Resource: Kid Inventor: The Collapsible Lacrosse Stick

Media Type:
QuickTime Video

Length: 1m 07s
Size: 1.6 MB

or

Many inventions are born of a need to be able to easily store or transport an item without negatively affecting its intended function. In this video segment from ZOOM, a young inventor named Lauren explains the motivation behind her collapsible lacrosse stick.
 

Teachers' Domain, Kid Inventor: The Collapsible Lacrosse Stick, published January 22, 2004, retrieved on ,
http://www.teachersdomain.org/resource/phy03.sci.engin.design.zstick/

An invention is something devised by human effort that didn't exist before. Inventions are by and large either responses to specific needs or products of the inventor's wish to do something more quickly or efficiently. Inventions rarely appear out of the blue. Inventors will often seek to adapt an older design, using a new material or configuration to suit a slightly different need. Think of all the different types of cups there are: glass ones, paper ones, plastic ones, teacups with handles, "sippy" cups, thermal mugs, and so on. Each of these was designed to meet a real or perceived need, shortcoming, or failure of the cups that came before it. And keep in mind that none of these cups has replaced the others; they merely continue to live side by side in cupboards everywhere.

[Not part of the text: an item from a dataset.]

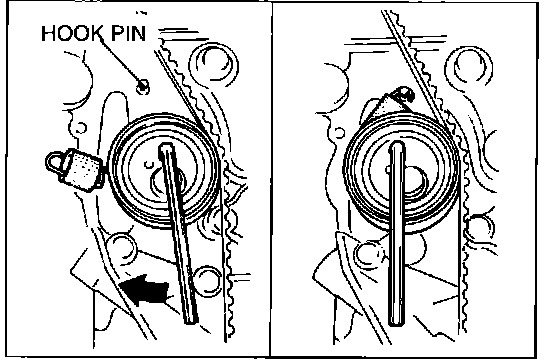 6. Turn the tensioner clockwise by using an Allen wrench and connect the tensioner spring to the hook pin. Verify that tension is applied to the timing belt.

At least in industrialized countries, it is more frequently want than need that drives the process of invention. Lauren, the girl inventor featured in this video segment, wants to make her lacrosse stick easier to transport to and from practice. The standard lacrosse stick is too long to fit into her backpack, and it is difficult to carry in her hand while she's riding her bike.

One solution to Lauren's problem would be to simply cut off and discard a long section of the stick, making it shorter and easier to carry. If she did this, though, she would lose much of the lacrosse stick's intended functionality. A long stick provides the lacrosse player with the reach and leverage necessary to catch and throw the lacrosse ball. Lauren's design must therefore allow her to temporarily shorten the stick for transport and then reassemble it for play.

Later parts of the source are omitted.